4 Emerging Strategies to Advance Big Data Analytics in Healthcare

Big Data

4 Emerging Strategies to Advance Big Data Analytics in Healthcare

While the potential for big data analytics in healthcare has been well-documented in countless studies, the possible risks that could come from using these tools have received just as much attention.

Big data analytics technologies have demonstrated their promise in enhancing multiple areas of care, from medical imaging and chronic disease management to population health and precision medicine.

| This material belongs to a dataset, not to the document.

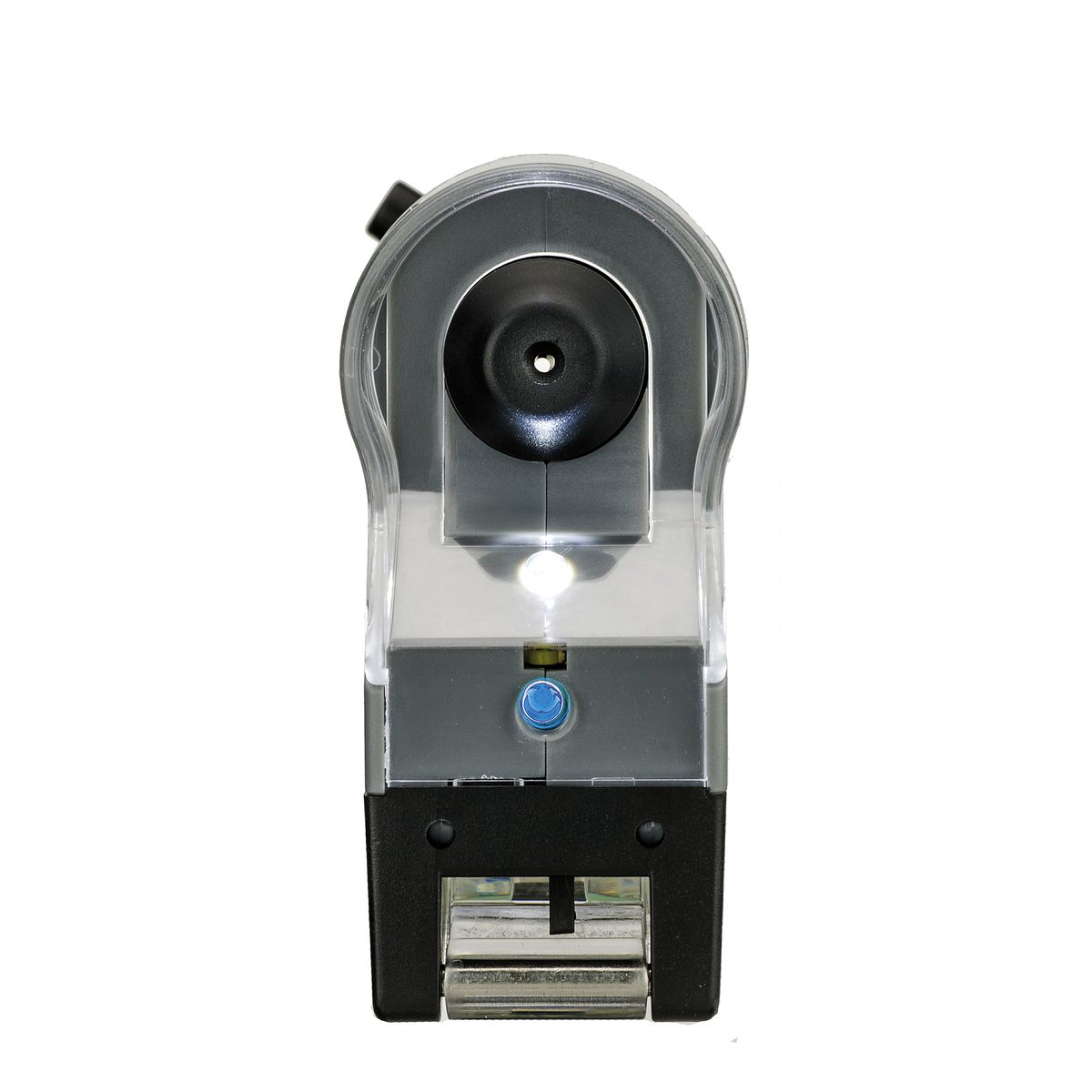 Ein besonderes Merkmal dieses Taschenmikroskops ist das einzigartige Auflagesystem für Objektträger aus asphärisch geschliffenen Linsen, das sich ganz einfach nach unten klappen lässt und für absolut klare und scharfe Abbildungen in allerhöchster Bildqualität sorgt.

These algorithms could increase the efficiency of care delivery, reduce administrative burdens, and accelerate disease diagnosis.

Despite all the good these tools could potentially achieve, the harm these algorithms could cause is nearly as great.

Concerns about data access and collection, implicit and explicit bias, and issues with patient and provider trust in analytics technologies have hindered the use of these tools in everyday healthcare delivery.

Healthcare researchers and provider organizations are working to find solutions to these issues, facilitating the use of big data analytics in clinical care for better quality and outcomes.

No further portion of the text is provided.